That’s where we are. I have the bulk of the stuff, but want your input on wiring and some of the components before I put it all together and apply power for the first time.

We need to be able to power 2 mid-size refrigerators, an standalone single-room A/C unit, box fans, lights, and the occasional cooking appliance (even a 1000W microwave). Ideally all at one time, without having to juggle plugged-in devices to manage the load. Est 300W low, 500-1000W avg, peaks upwards of 2500W or more. ...and we want some overhead to be able to grow and use more than that if needed. It’s an emergency power station to be able to live very comfortably for the days or weeks we don’t have power. It’s not just comfort.

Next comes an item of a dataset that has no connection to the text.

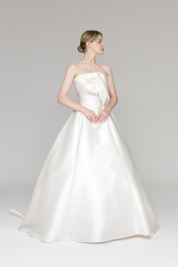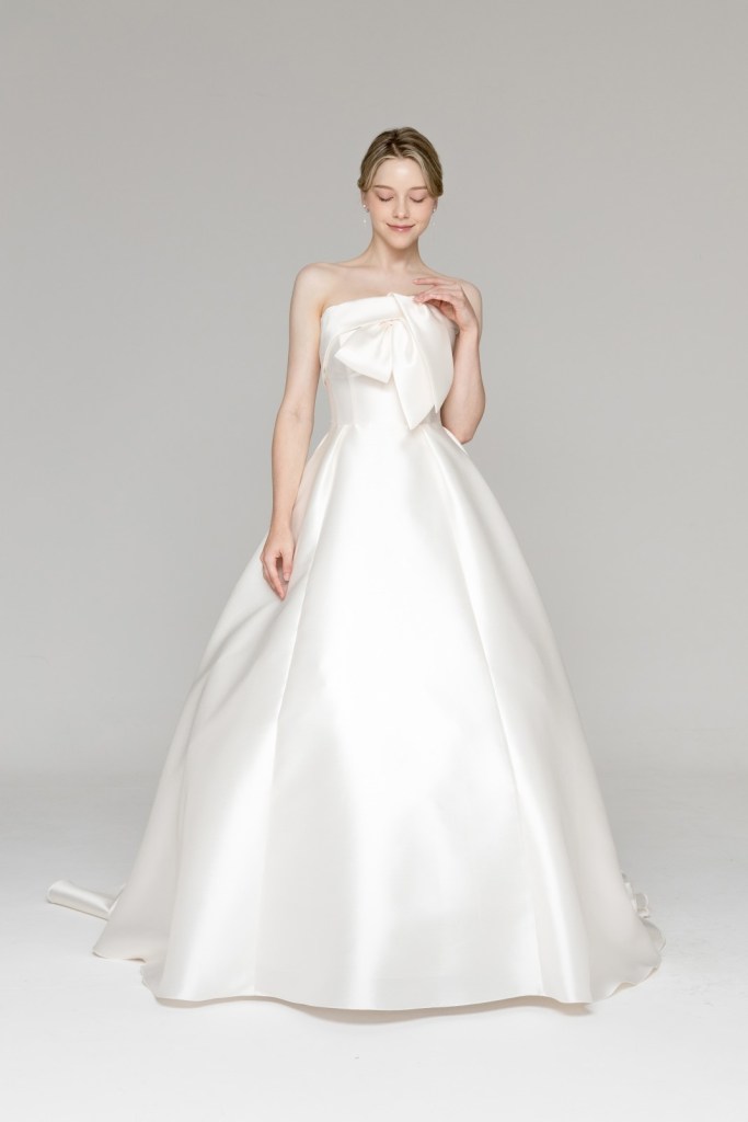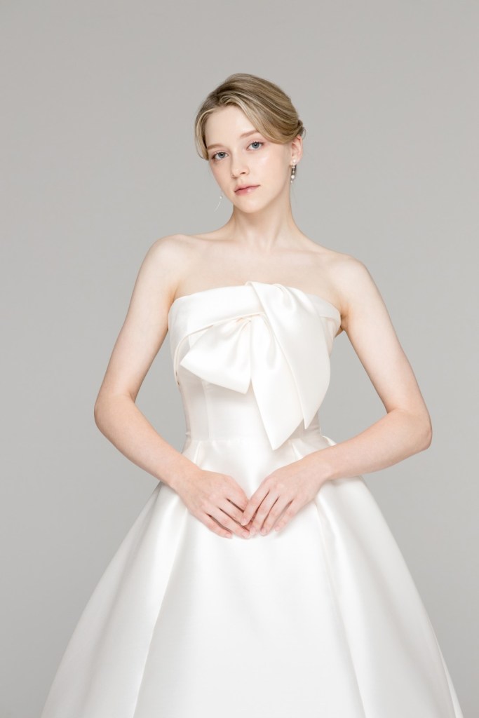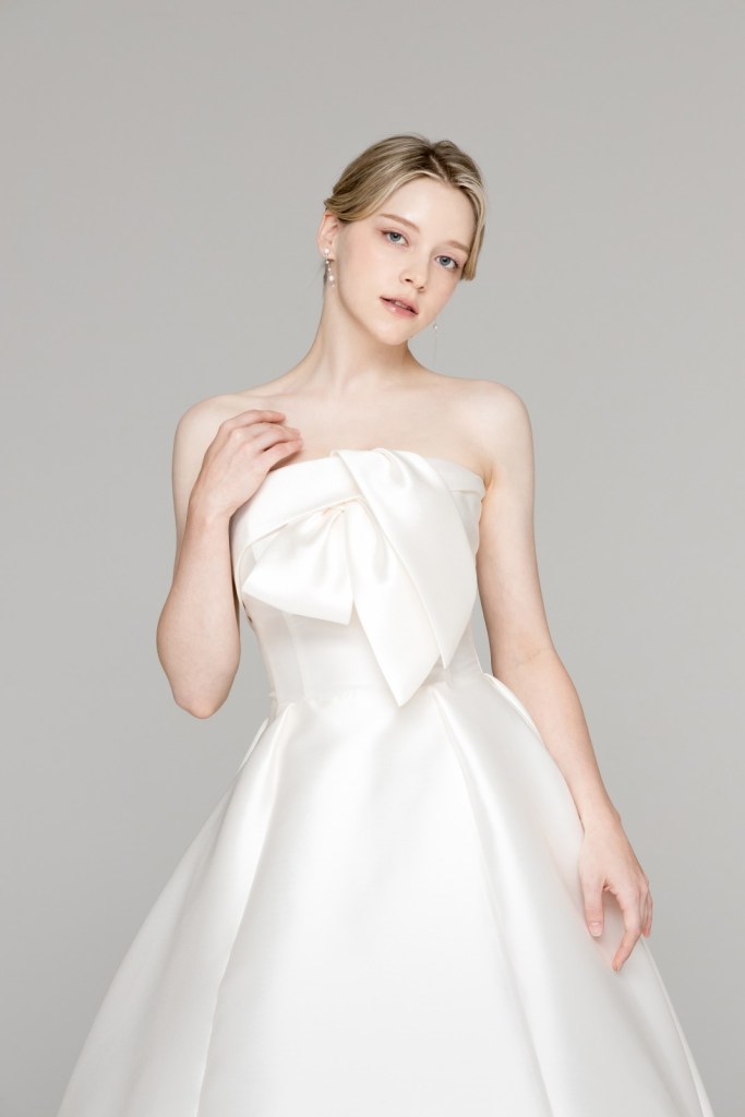 - 어깨와 쇄골 라인을 과감하게 드러내는 스트랩리스 디자인과 상체의 입체적인 빅 리본 디테일이 특징입니다.

It’s also for health reasons such as powering healthcare devices, having a climate-controlled room, and keeping medicine cold. It’s also intended to be portable so that basically everything is self-contained, and we wheel it out when it’s needed and roll it out of the way when not needed. It’s closer to what many of you are doing with mobile job-site trailers and off-grid tiny houses than the other 2 or 3 much smaller cart projects I’ve seen on here.


BASIC DESIGN:
Back in the late 90’s and early 2000’s, I installed mobile electronics in vehicles as a profession. I’m going to treat this thing like it was custom RV panels being made using MDF and carpet, just like I would have back then. All components will be mounted to the MDF boards, and the boards will be mounted into/onto the service cart.

The cart will not only house the heavy batteries and all of the electronic components, but also have protective storage built-in for the solar panels when they’re not being used, and have storage for all the wires/adapters/accessories for this mobile emergency power station.

Generators will be stored separately outside, but other than that, it’s intended to be EVERYTHING, all-in-one, safe, with secure hard-mounted components, and portable, so there’s very little down-time and zero fuss pulling it out and setting it up when those emergencies arise.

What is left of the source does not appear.